### What you need to do
Would you repeat word for word the lines of the listing that follows, from the one with "ユーズドのBASEBALL プリントのTシャツにメッシュの袖をドッキング。" up to and including the one with "Het perceel waarop", and leave out the images?

### Records supplied
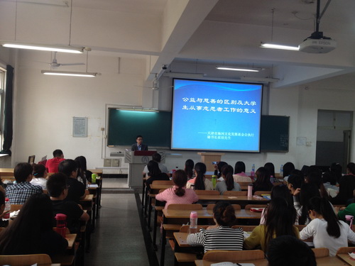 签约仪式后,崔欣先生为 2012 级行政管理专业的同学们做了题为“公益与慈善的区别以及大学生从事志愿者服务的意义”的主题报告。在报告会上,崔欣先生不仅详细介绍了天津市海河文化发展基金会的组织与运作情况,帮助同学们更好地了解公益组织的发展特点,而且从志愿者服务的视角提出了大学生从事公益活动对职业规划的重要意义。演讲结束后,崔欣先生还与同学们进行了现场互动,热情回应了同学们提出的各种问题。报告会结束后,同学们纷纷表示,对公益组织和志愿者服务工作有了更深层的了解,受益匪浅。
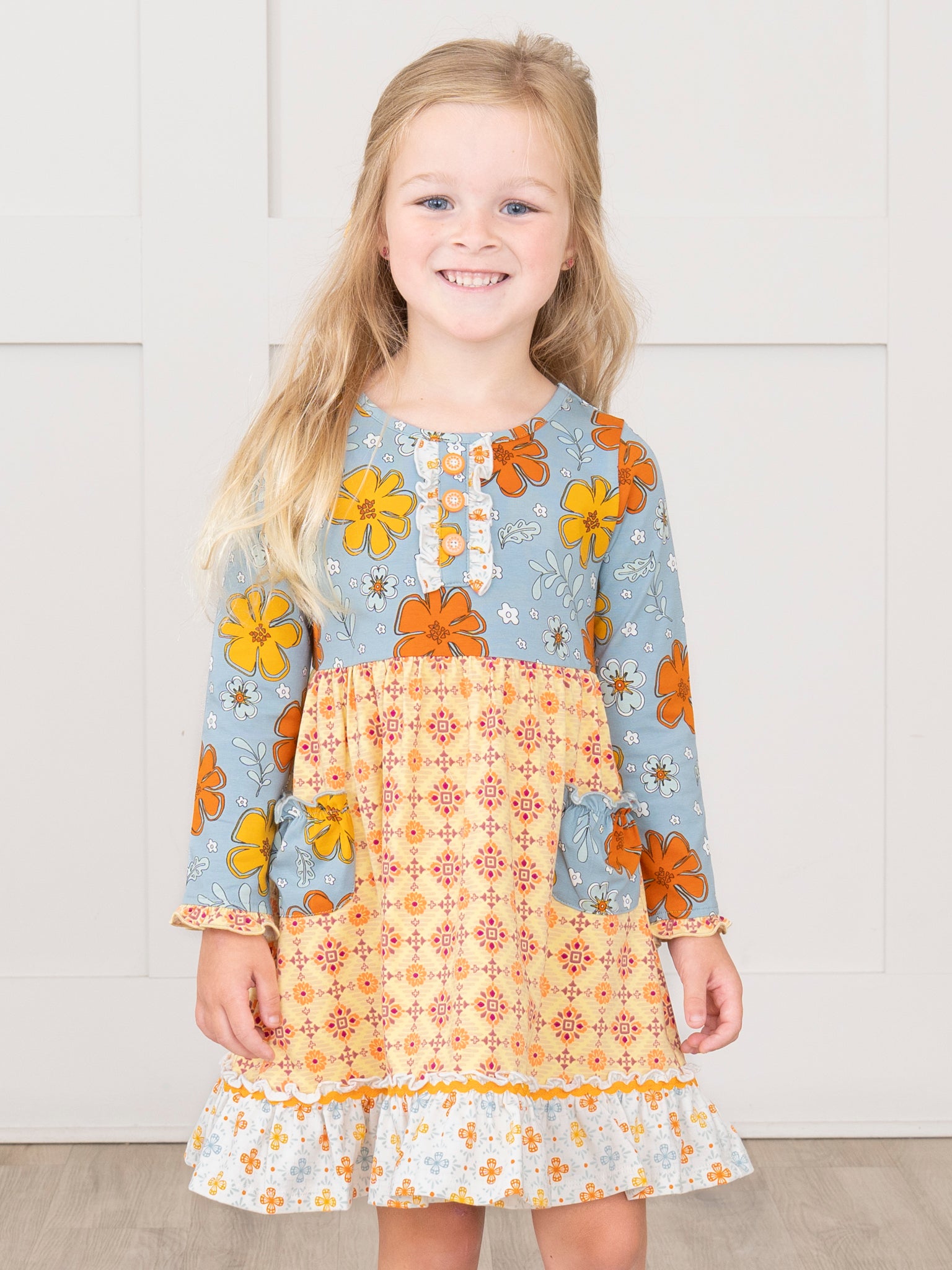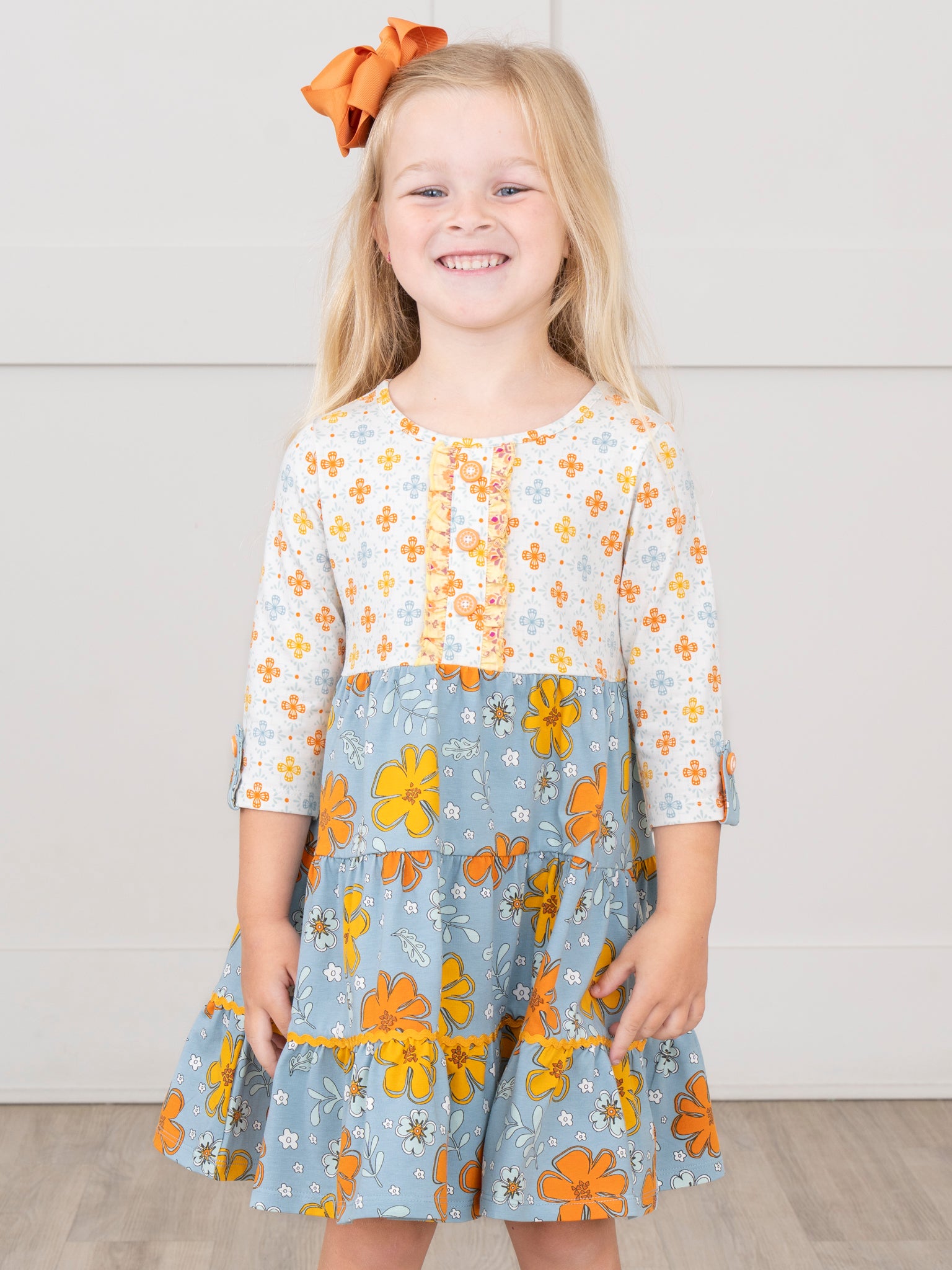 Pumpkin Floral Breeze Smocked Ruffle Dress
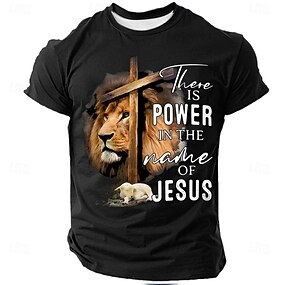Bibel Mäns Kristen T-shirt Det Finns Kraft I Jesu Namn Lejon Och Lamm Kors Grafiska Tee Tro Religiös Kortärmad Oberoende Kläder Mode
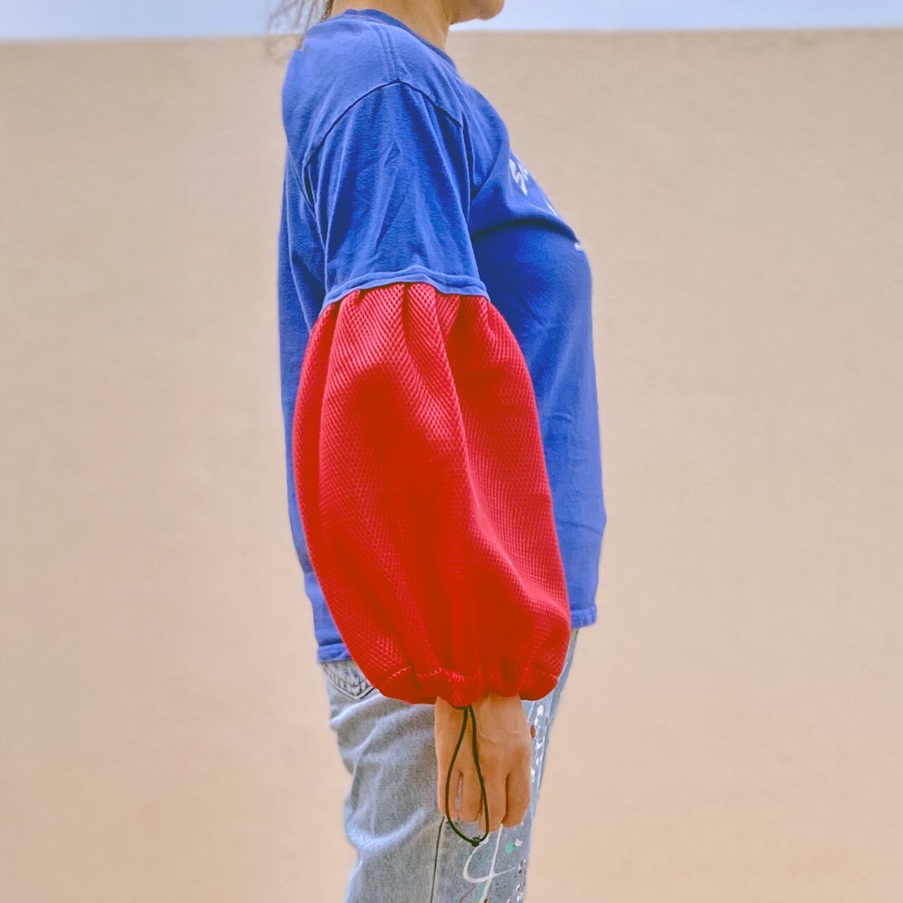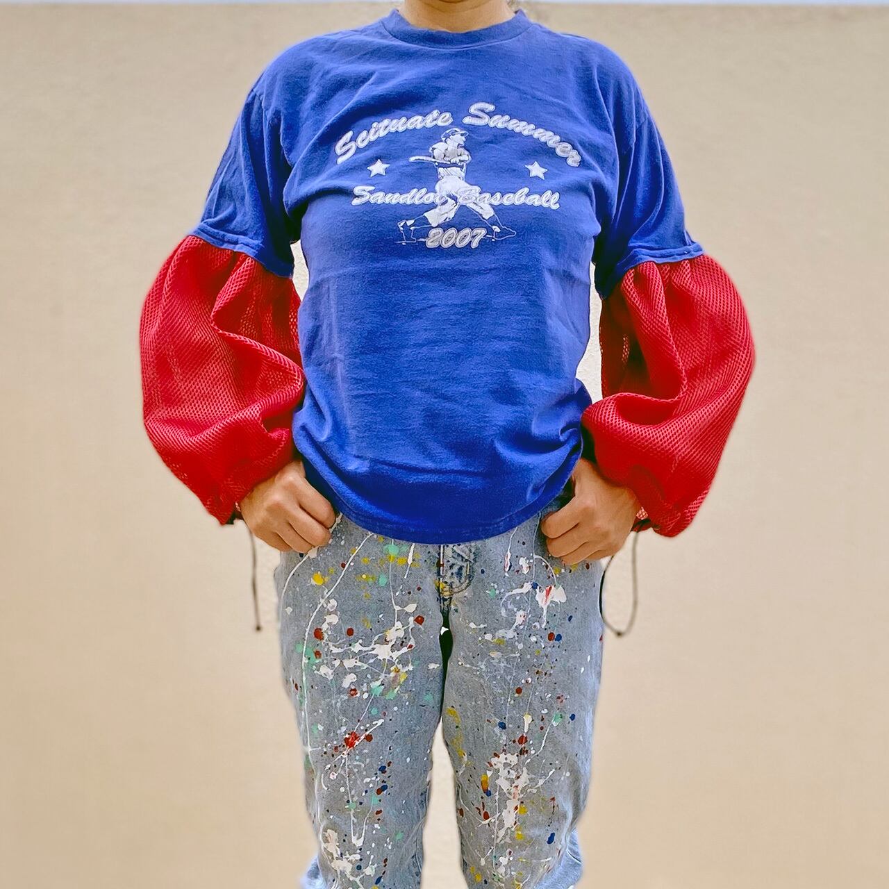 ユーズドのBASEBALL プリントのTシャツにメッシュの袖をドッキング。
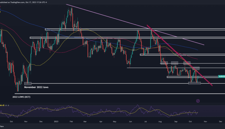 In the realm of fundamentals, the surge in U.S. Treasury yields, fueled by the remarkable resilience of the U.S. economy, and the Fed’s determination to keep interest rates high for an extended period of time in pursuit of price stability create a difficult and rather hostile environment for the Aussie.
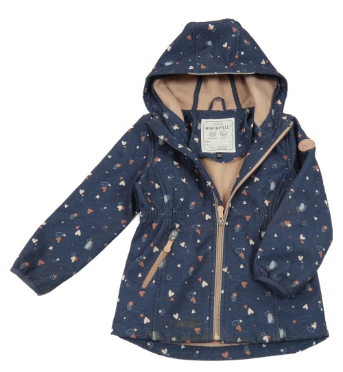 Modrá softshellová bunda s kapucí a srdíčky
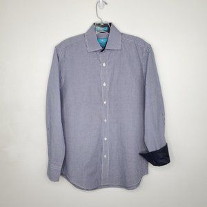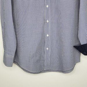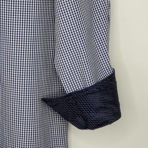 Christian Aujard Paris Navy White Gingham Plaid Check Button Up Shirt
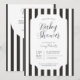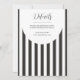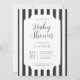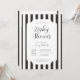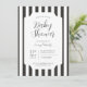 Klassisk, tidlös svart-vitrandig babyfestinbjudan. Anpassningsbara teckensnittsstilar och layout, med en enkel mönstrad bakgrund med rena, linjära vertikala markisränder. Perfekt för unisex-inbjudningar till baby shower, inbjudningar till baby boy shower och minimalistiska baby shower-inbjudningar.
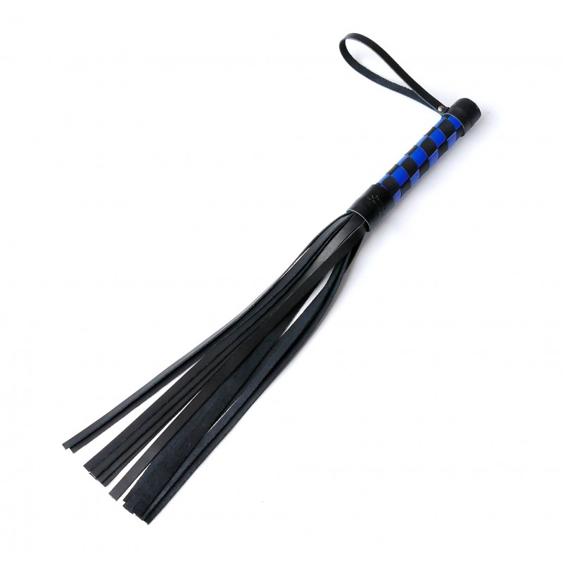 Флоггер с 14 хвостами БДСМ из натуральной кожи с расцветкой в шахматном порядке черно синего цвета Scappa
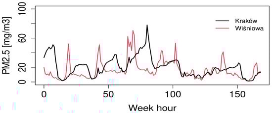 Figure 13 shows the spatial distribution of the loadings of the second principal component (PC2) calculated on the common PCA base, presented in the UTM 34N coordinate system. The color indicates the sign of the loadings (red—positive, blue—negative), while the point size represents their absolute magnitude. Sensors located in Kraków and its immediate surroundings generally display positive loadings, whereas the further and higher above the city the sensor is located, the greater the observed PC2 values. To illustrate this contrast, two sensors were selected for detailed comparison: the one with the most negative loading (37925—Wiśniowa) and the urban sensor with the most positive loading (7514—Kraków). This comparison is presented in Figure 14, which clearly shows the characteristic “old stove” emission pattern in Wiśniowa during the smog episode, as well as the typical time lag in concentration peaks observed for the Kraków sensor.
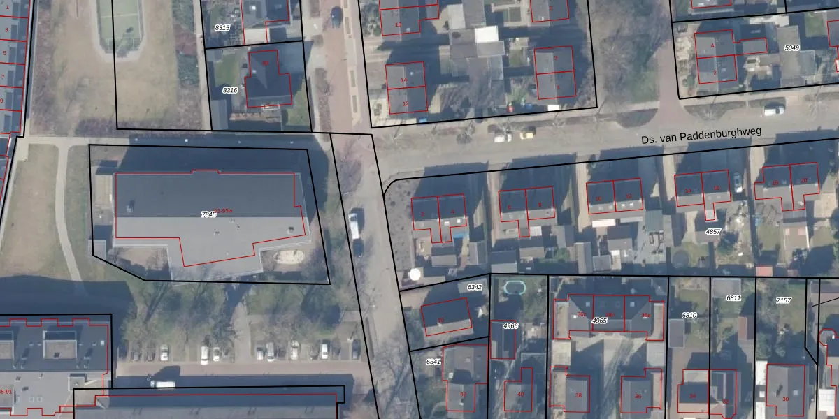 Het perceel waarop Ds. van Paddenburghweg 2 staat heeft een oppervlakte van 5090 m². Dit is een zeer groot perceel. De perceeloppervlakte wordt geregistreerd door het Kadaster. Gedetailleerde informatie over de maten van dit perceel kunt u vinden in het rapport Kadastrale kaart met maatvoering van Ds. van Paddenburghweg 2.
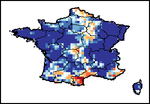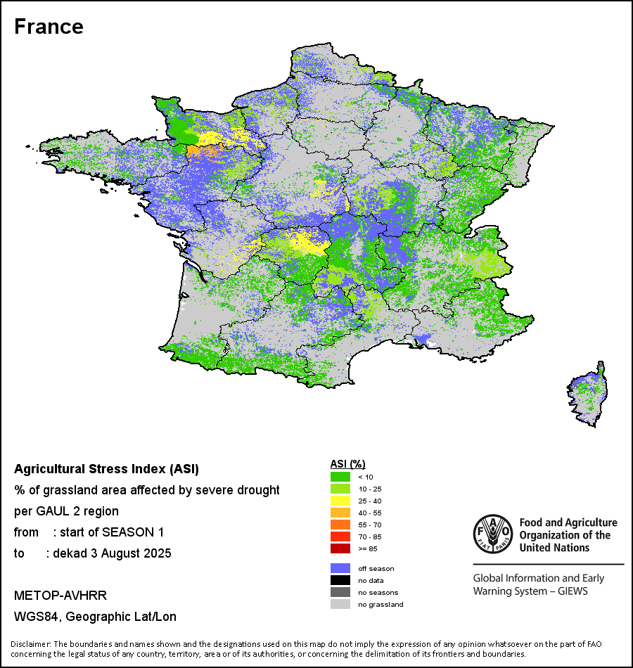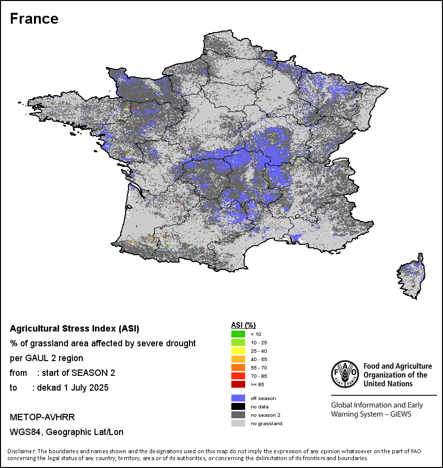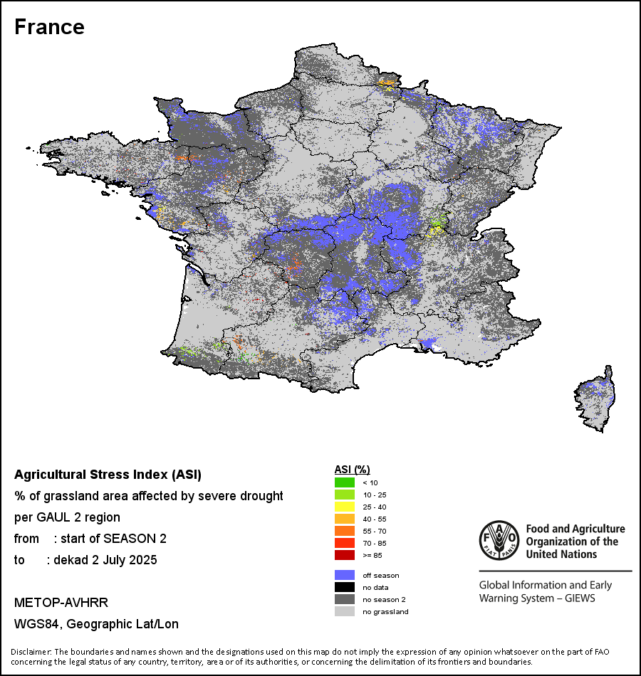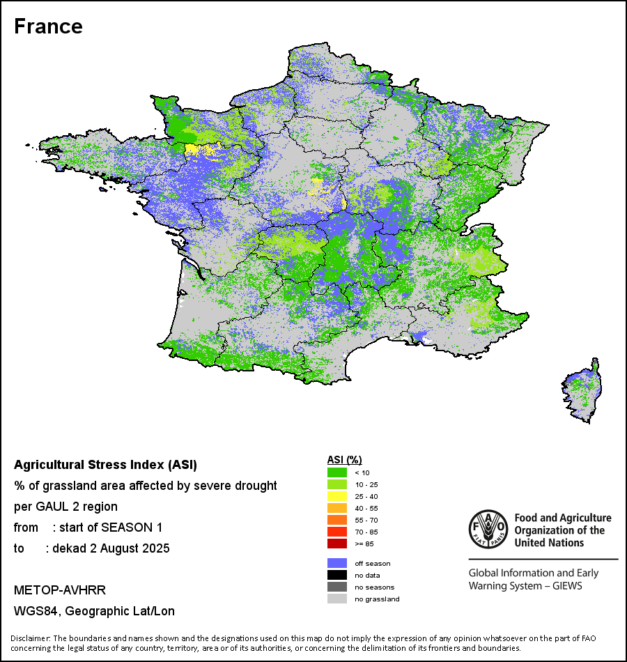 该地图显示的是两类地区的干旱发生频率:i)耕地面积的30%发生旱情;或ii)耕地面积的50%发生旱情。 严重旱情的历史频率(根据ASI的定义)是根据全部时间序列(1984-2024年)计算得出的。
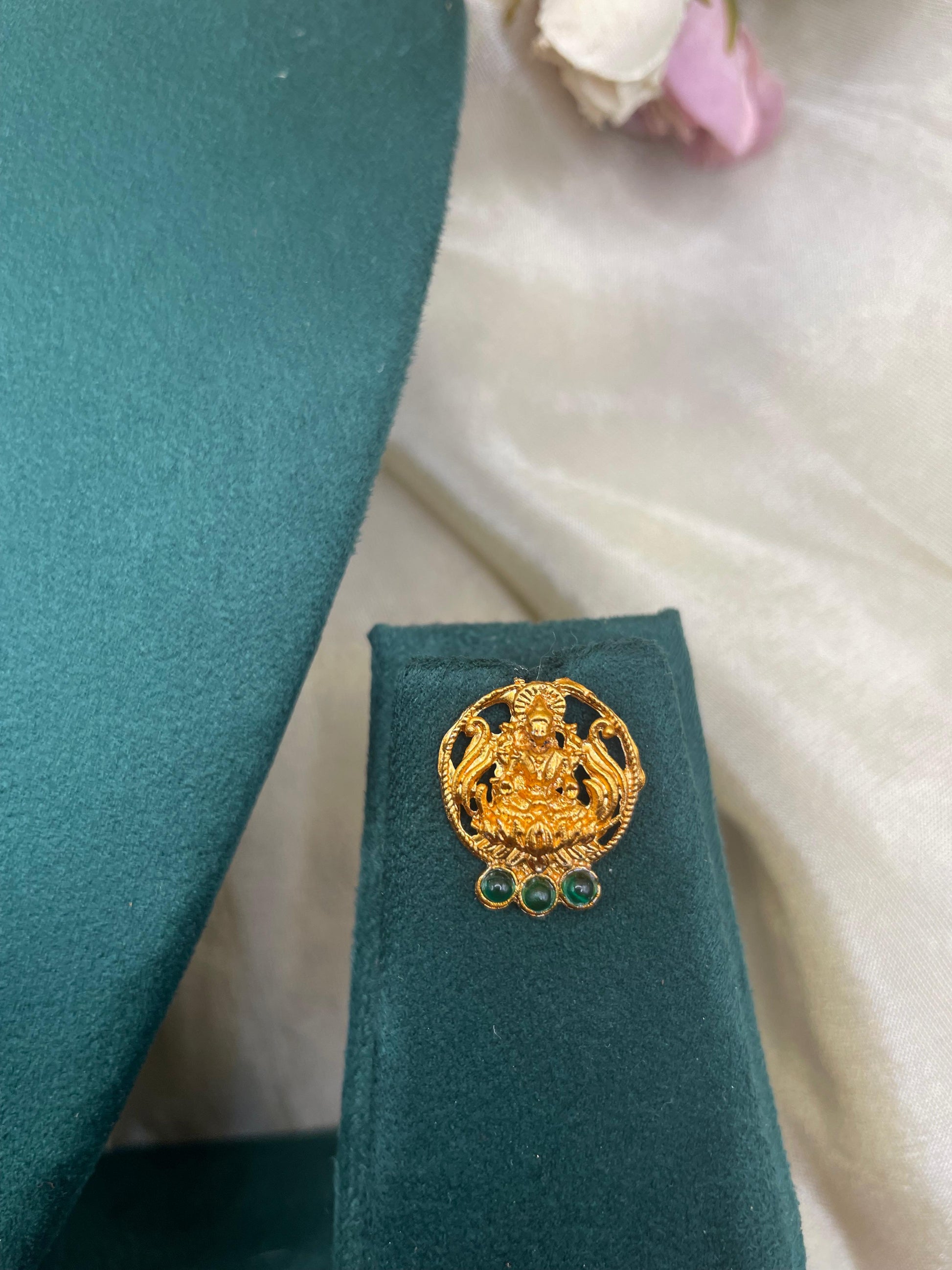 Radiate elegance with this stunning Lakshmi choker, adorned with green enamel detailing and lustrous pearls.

### Exercise output
 ユーズドのBASEBALL プリントのTシャツにメッシュの袖をドッキング。
 In the realm of fundamentals, the surge in U.S. Treasury yields, fueled by the remarkable resilience of the U.S. economy, and the Fed’s determination to keep interest rates high for an extended period of time in pursuit of price stability create a difficult and rather hostile environment for the Aussie.
 Modrá softshellová bunda s kapucí a srdíčky
 Christian Aujard Paris Navy White Gingham Plaid Check Button Up Shirt
 Klassisk, tidlös svart-vitrandig babyfestinbjudan. Anpassningsbara teckensnittsstilar och layout, med en enkel mönstrad bakgrund med rena, linjära vertikala markisränder. Perfekt för unisex-inbjudningar till baby shower, inbjudningar till baby boy shower och minimalistiska baby shower-inbjudningar.
 Флоггер с 14 хвостами БДСМ из натуральной кожи с расцветкой в шахматном порядке черно синего цвета Scappa
 Figure 13 shows the spatial distribution of the loadings of the second principal component (PC2) calculated on the common PCA base, presented in the UTM 34N coordinate system. The color indicates the sign of the loadings (red—positive, blue—negative), while the point size represents their absolute magnitude. Sensors located in Kraków and its immediate surroundings generally display positive loadings, whereas the further and higher above the city the sensor is located, the greater the observed PC2 values. To illustrate this contrast, two sensors were selected for detailed comparison: the one with the most negative loading (37925—Wiśniowa) and the urban sensor with the most positive loading (7514—Kraków). This comparison is presented in Figure 14, which clearly shows the characteristic “old stove” emission pattern in Wiśniowa during the smog episode, as well as the typical time lag in concentration peaks observed for the Kraków sensor.
 Het perceel waarop Ds. van Paddenburghweg 2 staat heeft een oppervlakte van 5090 m². Dit is een zeer groot perceel. De perceeloppervlakte wordt geregistreerd door het Kadaster. Gedetailleerde informatie over de maten van dit perceel kunt u vinden in het rapport Kadastrale kaart met maatvoering van Ds. van Paddenburghweg 2.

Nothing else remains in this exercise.